You can also include quotes within a string by escaping them:

string_double <- "Quoth the Raven, \"Nevermore.\""
print(string_double)

[1] "Quoth the Raven, \"Nevermore.\""

cat(string_double, "\n")

Quoth the Raven, "Nevermore."

Observe the difference between print() and cat() in terms of how the escaped characters are handled. Be aware also that because backslash plays this special role as an escape character, it itself needs to be escaped:

backslash = "This is a backslash '\\', this is not '\ '."
writeLines(backslash)

This is a backslash '\', this is not ' '.

To have a consistent coding style, you should choose one of " or ' to be the standard. I recommend ".

String operations

There are a number of functions in R that operate solely on strings. Here we will review some of them.

Concatenating strings

The function paste is used to join strings together.

Observe the difference between the sep and collapse arguments in paste.

length(LETTERS)

[1] 26

paste(LETTERS, collapse = "")

[1] "ABCDEFGHIJKLMNOPQRSTUVWXYZ"

paste(1:26, LETTERS, sep = "-")

 [1] "1-A"  "2-B"  "3-C"  "4-D"  "5-E"  "6-F"  "7-G"  "8-H"  "9-I"  "10-J"
[11] "11-K" "12-L" "13-M" "14-N" "15-O" "16-P" "17-Q" "18-R" "19-S" "20-T"
[21] "21-U" "22-V" "23-W" "24-X" "25-Y" "26-Z"

paste(1:26, LETTERS, sep = "-", collapse = ", ")

[1] "1-A, 2-B, 3-C, 4-D, 5-E, 6-F, 7-G, 8-H, 9-I, 10-J, 11-K, 12-L, 13-M, 14-N, 15-O, 16-P, 17-Q, 18-R, 19-S, 20-T, 21-U, 22-V, 23-W, 24-X, 25-Y, 26-Z"

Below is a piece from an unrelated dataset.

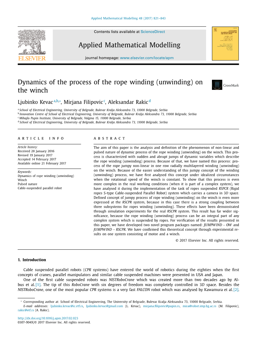 摘要:本文的目的是对卷扬机缠绕(退卷)动态过程的非线性和脉冲性质的现象进行分析和定义。这个过程的特点是突然和描述了绳缠绕(展开)过程的突然跳跃的动态变量。因此,我们把这个过程命名为:在卷扬机上的一排径向多层绕组(解卷)中绳跳跃非线性的过程。由于我们更容易理解这种缠绕(解卷)过程的跳跃性概念,我们首先在理想化的环境下分析了这个概念。当卷扬机的转速恒定时,为了说明在实际工作条件下(当它是复杂系统的一部分)时,这个过程更为复杂,我们在执行绳索悬挂RSPCR(刚性绳索S型悬索并联机器人)系统的任务中分析了它,该系统在3D空间中携带相机。卷扬机卷绕(解卷)在绞盘上的跳跃过程的定义更是在RSCPR系统中表达,因为在这种情况下,三个子系统在绳索缠绕(展开)之间有很强的耦合。这些结果已经通过实际的RSCPR系统的模拟实验证明。这一结果具有更广泛的意义,因为绳索缠绕(展开)过程可以是任何复杂的系统被绳索悬挂的一个组成部分。为了验证本文所给出的结果,我们开发了两种新的程序包:JavpSouth-OW和RojpWiel-RSCPR。我们已经通过一个由电动机和卷扬机组成的系统的实验结果证实了这个理论概念。

Both sep and collapse control what goes in between strings, but:

sep controls how multiple arguments are concatenated.
collapse controls how a vector is concatenated.

The paste0 function operates identically, but has the default argument sep = "":

paste("a", "b")

[1] "a b"

paste0("a", "b")

[1] "ab"

Length of string

Recall that length returns the length of a vector. To get the length of a string use nchar:

length(paste(LETTERS, collapse = "") )

[1] 1

nchar(paste(LETTERS, collapse = "") )

[1] 26

Substrings

The substr functions extract sub-strings at given positions.

substr("Strings",  3, 7)

[1] "rings"

Finding matches

Let’s load up a list of superpowers from https://github.com/nolshru/SuperpowerRandSelector:

powers <- readLines("https://raw.githubusercontent.com/nolshru/SuperpowerRandSelector/main/PlaintextSuperpowerList.txt")
powers <- tolower(powers) # lowercase to avoid complexity
head(powers)

[1] "enhanced strength"    "enhanced speed"       "enhanced durability" 
[4] "enhanced stamina"     "enhanced agility"     "enhanced flexibility"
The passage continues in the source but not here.